In another embodiment of the present invention, based on the embodiment shown in fig. 7, themodel training module 720 is specifically configured to:
inputting sample laser point cloud data in model training data into a target network model; the target network model comprises a feature extraction layer and a regression layer;
determining a characteristic vector in sample laser point cloud data through a first model parameter of a characteristic extraction layer; performing regression on the feature vector through a second model parameter of the regression layer to obtain an initial labeling frame;
determining the difference between the initial marking frame and a standard marking frame corresponding to sample laser point cloud data in model training data;
when the difference is larger than a preset difference threshold value, modifying the first model parameter and the second model parameter according to the difference, and returning to execute the operation of inputting the sample laser point cloud data into the target network model;
and when the difference is not larger than a preset difference threshold value, determining that the training of the target network model is finished.
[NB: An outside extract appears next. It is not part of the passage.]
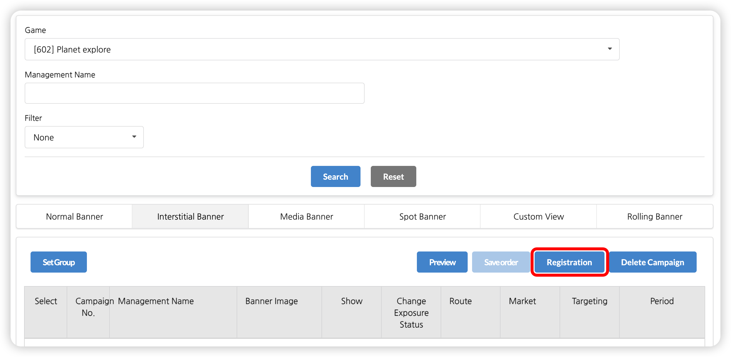 選擇一個遊戲並在普通/插頁式橫幅活動列表中點擊「預覽」。
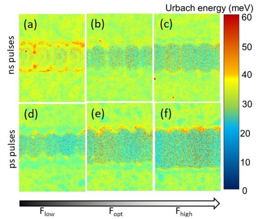 鈣鈦礦樣品局部烏爾巴赫能量的空間分辨圖像:(a–c) 為ns激光脈沖刻蝕樣品,(d–f) 為ps激光脈沖刻蝕樣品

In another embodiment of the present invention, based on the embodiment shown in fig. 7, the apparatus further includes:
the two-dimensional display module 750 is further configured to, when the number of the sample laser point cloud data that are not marked in the data set to be marked is not greater than the first number, directly display the third sample laser point cloud data by using the sample laser point cloud data that are not marked in the data set to be marked as the third sample laser point cloud data;
a standardbox determination module 760 further configured to obtain a labeling operation of the annotator for the third sample laser point cloud data input; determining a standard marking frame of an object to be marked aiming at the third sample laser point cloud data according to marking operation;
a first addingmodule 770 further configured to add the third sample laser point cloud data and the corresponding standard labeling box to the training set.
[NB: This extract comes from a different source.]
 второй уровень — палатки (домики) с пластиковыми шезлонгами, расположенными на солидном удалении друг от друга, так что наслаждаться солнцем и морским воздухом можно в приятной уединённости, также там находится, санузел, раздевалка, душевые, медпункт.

The above device embodiment corresponds to the method embodiment, and has the same technical effect as the method embodiment, and for the specific description, refer to the method embodiment. The device embodiment is obtained based on the method embodiment, and for specific description, reference may be made to the method embodiment section, which is not described herein again.
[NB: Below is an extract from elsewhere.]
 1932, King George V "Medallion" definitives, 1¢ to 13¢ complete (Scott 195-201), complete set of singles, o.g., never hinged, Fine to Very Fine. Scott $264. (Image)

Those of ordinary skill in the art will understand that: the figures are merely schematic representations of one embodiment, and the blocks or flow diagrams in the figures are not necessarily required to practice the present invention.
Those of ordinary skill in the art will understand that: modules in the devices in the embodiments may be distributed in the devices in the embodiments according to the description of the embodiments, or may be located in one or more devices different from the embodiments with corresponding changes. The modules of the above embodiments may be combined into one module, or further split into multiple sub-modules.
Finally, it should be noted that: the above examples are only intended to illustrate the technical solution of the present invention, but not to limit it; although the present invention has been described in detail with reference to the foregoing embodiments, it will be understood by those of ordinary skill in the art that: the technical solutions described in the foregoing embodiments may still be modified, or some technical features may be equivalently replaced; and such modifications or substitutions do not depart from the spirit and scope of the corresponding technical solutions of the embodiments of the present invention.